Figure 3: Wild-type Rb sensitizes DU-1.1 and B5 cells to miR-449a-mediate cell cycle arrest. A. Protein extracts were prepared from PC-3, DU-145, DU-1.1, and B5 cell lines and resolved on SDS polyacrylamide gels. Total Rb and GAPDH were detected by immunoblot analysis in each cell line. GAPDH served as a loading control. Note DU-145 cells express low levels of a slightly truncated form of Rb. B. DU-1.1 and B5 cells were transfected with mock, miR-Con, or miR-449a for 72 hours as indicated. Floating and attached cells were collected, stained with PI, and processed for analysis by flow cytometry to measure DNA content. Data was analyzed to determine cell cycle distribution (G0/G1, S, and G2/M) in the surviving cell populations. Lower concentrations of miR-449a improved cell cycle analysis by increasing viable cell number. C. Percent sub-diploid/apoptotic cells were calculated from entire gated whole-cell populations.

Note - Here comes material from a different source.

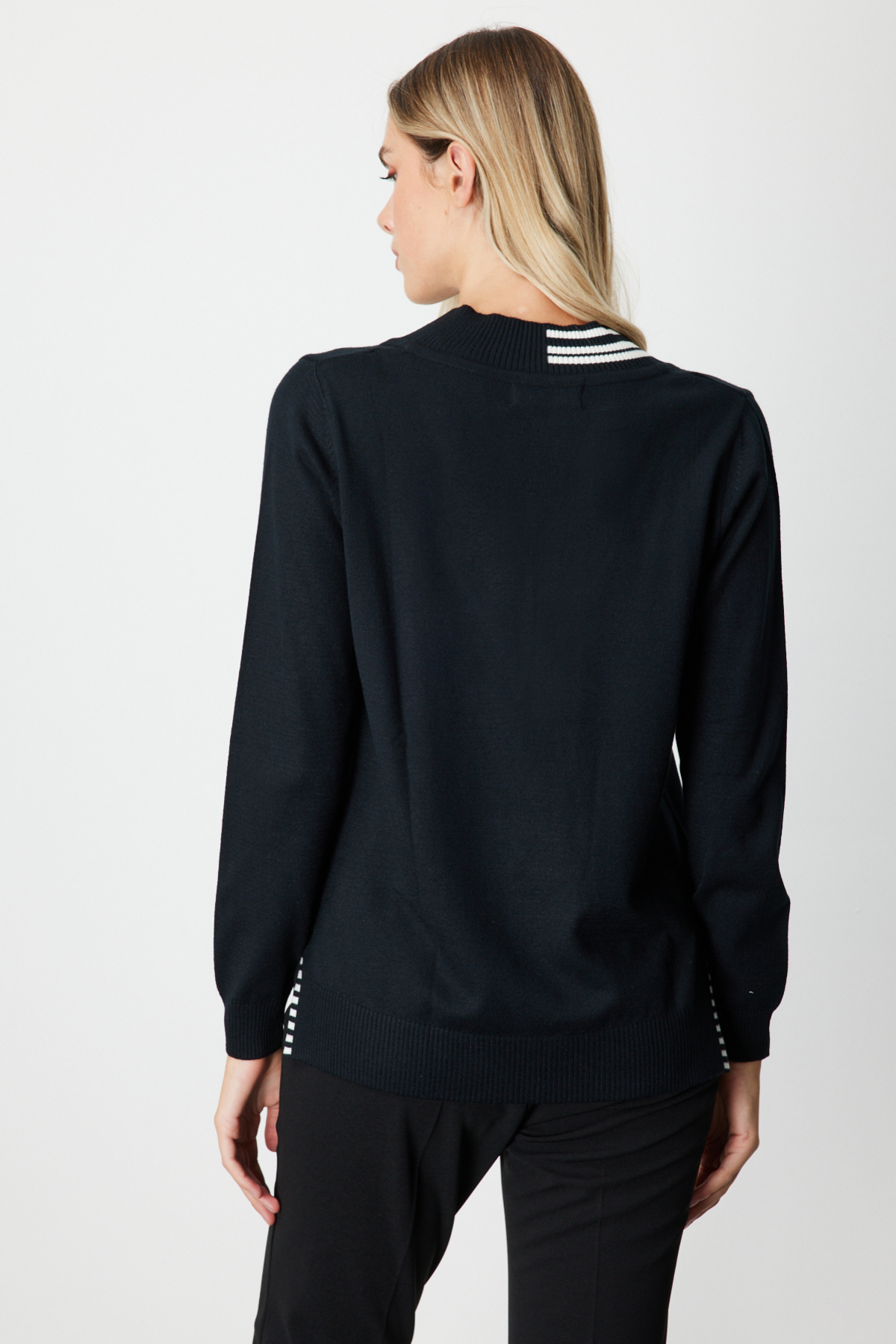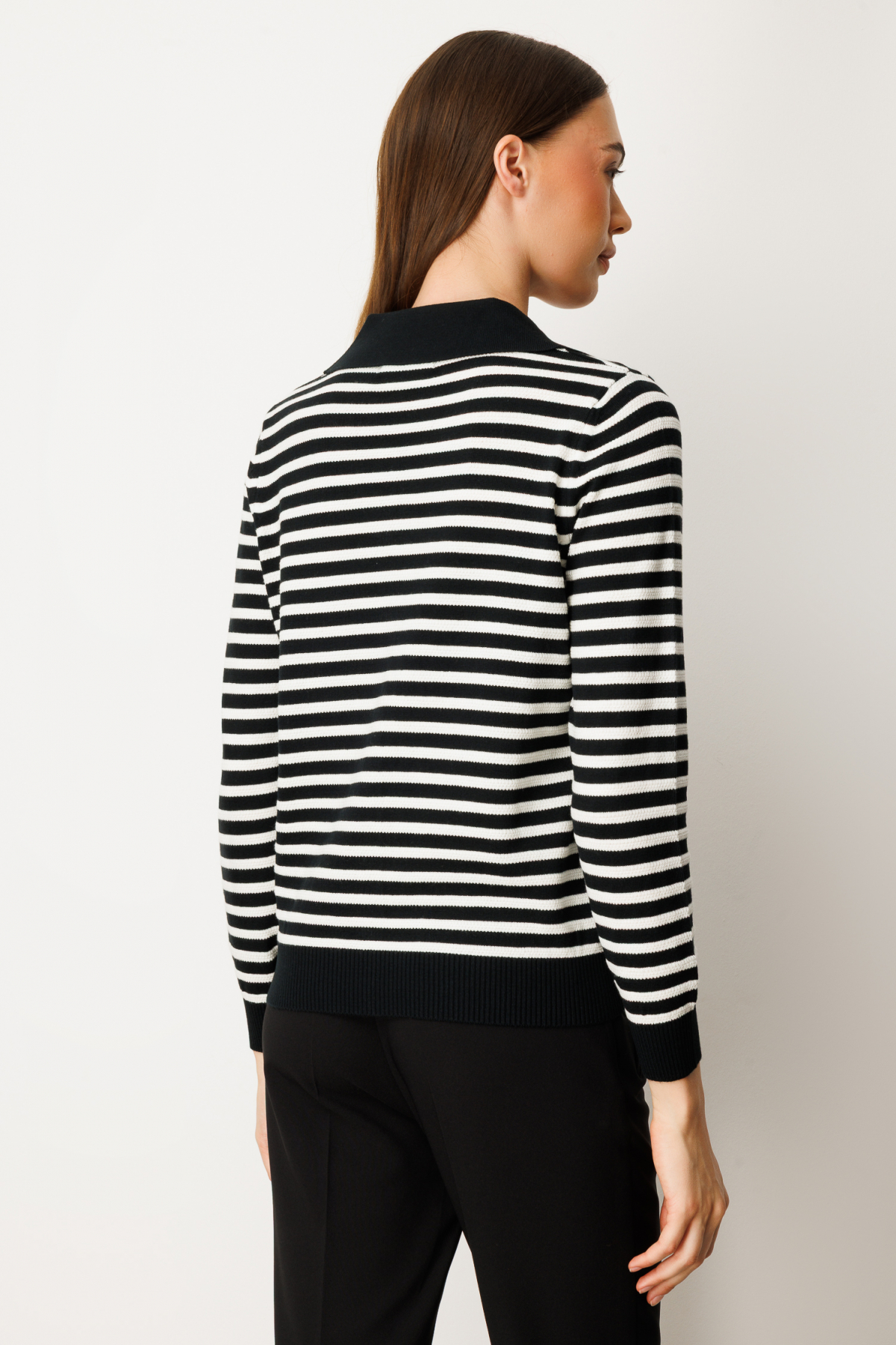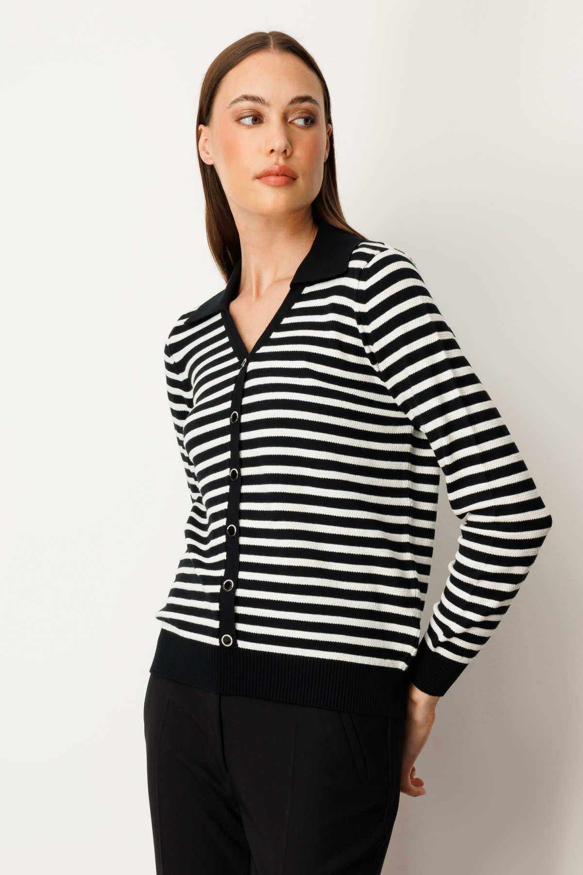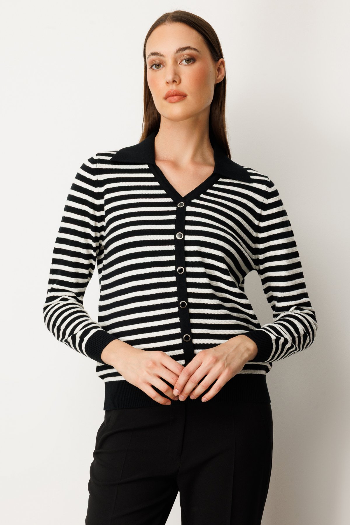 ON TRİKO Düğme Detaylı Çizgili Kazak 65367 Siyah

To determine if DU-1.1 and B5 cells have also become sensitive to miR-449a-induced senescence, we transfected DU-145 sublines with miR-449a and stained for SA-β-gal activity. At 10 and 25 nM concentrations, DU-1.1 and B5 cells stained positive for SA-β-gal, while staining in mock and miR-Con treatments were nearly undetectable (Figure 4). This data indicates that miR-449a triggered a senescent-like phenotype in both DU-145 sublines.

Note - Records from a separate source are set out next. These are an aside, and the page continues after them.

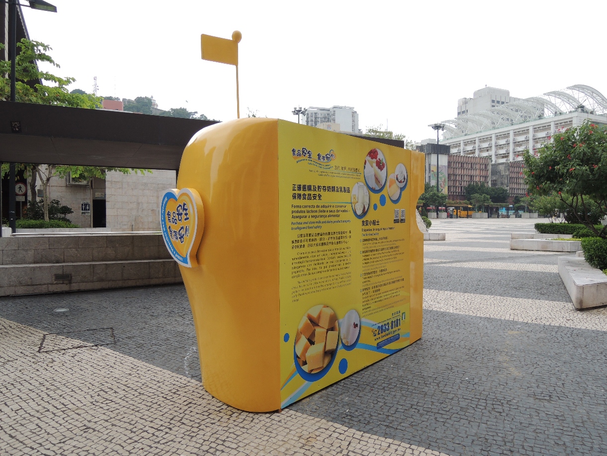 維護食品安全是澳門特區政府一項十分重要的工作,為進一步加強公眾的食品安全意識,民署繼去年推出兩項大型戶外宣傳模型後,本季度再以日常食品為設計概念,推出了兩個“食安大芝士”戶外宣傳模型,提醒市民避免因不當貯存及處理而導致乳製品變壞,誤食後造成身體不適。
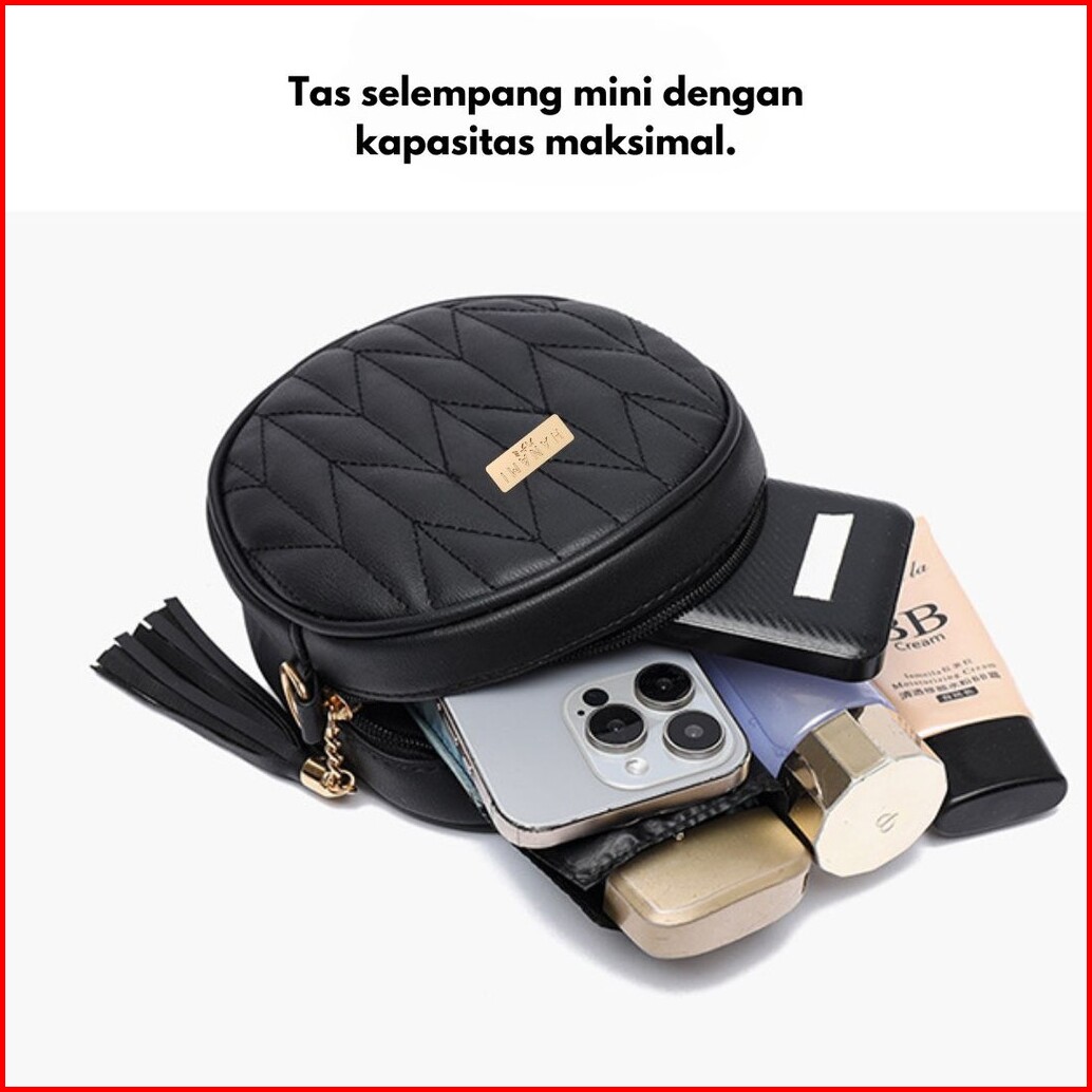Hanami Tas Selempang Wanita Kulit Youra Hitam Cantik Branded Simple Premium Kekinian Mewah Ta1053b5
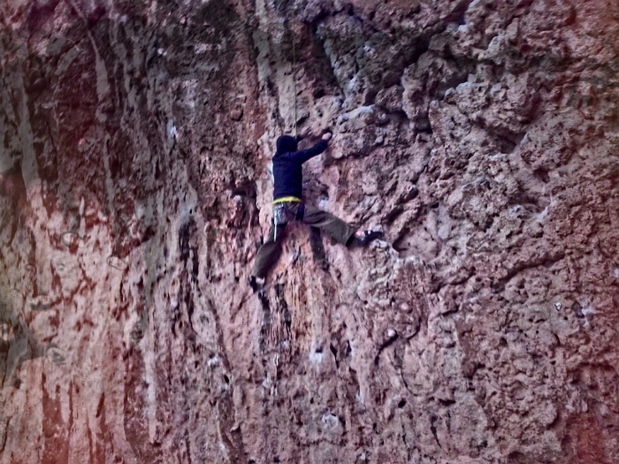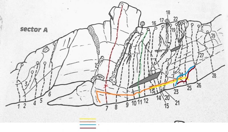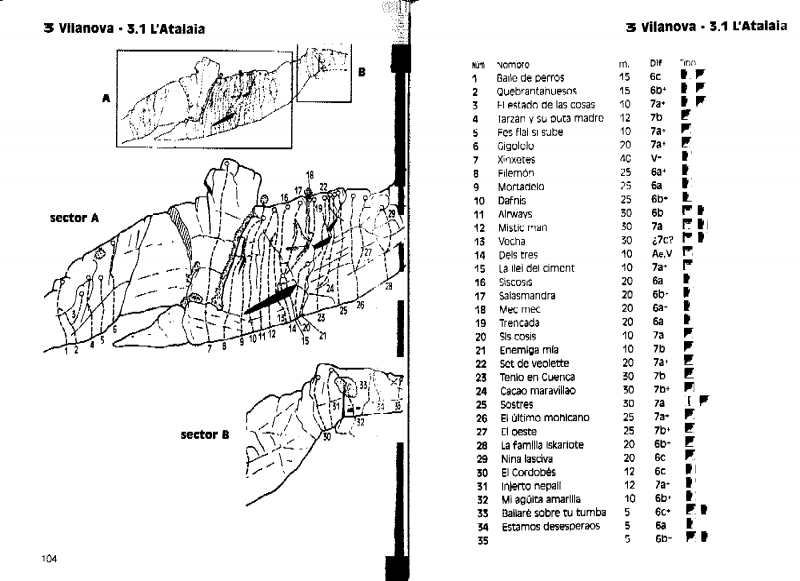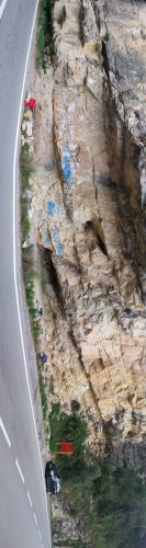 Zona de caliza con muy buen tacto, vías desde V a 8a/? bien equipadas, altura máxima 25m, sin aproximación, aparcas y tiras la cuerda al suelo.

Figure 4: miR-449a triggers cellular senescence in DU-1.1 and B5 cells. DU-1.1 and B5 cells were transfected with mock, miR-Con, or miR-449a for 72 hours. Transfection of miR-449a at 10 or 25 nM concentrations improved cell density for analysis. Cells were fixed in formaldehyde and stained for SA-β-gal activity overnight. Images were captured by phase contrast microscopy at 200X magnification. Dark perinuclear staining marks senescent cells.
DuPro (prostate adenocarcinoma) cells are also wild-type for Rb [22, 24]. Transfection of miR-449a promoted cell cycle arrest at G1/G0, increased sub-diploid/apoptotic populations, and caused SA-β-gal staining to indicate that DuPro cells are also sensitive to miR-449a (Supplementary Figure 2A-D). This data further supports that miR-449a induces growth arrest via an Rb-dependent mechanism in prostate cancer cells.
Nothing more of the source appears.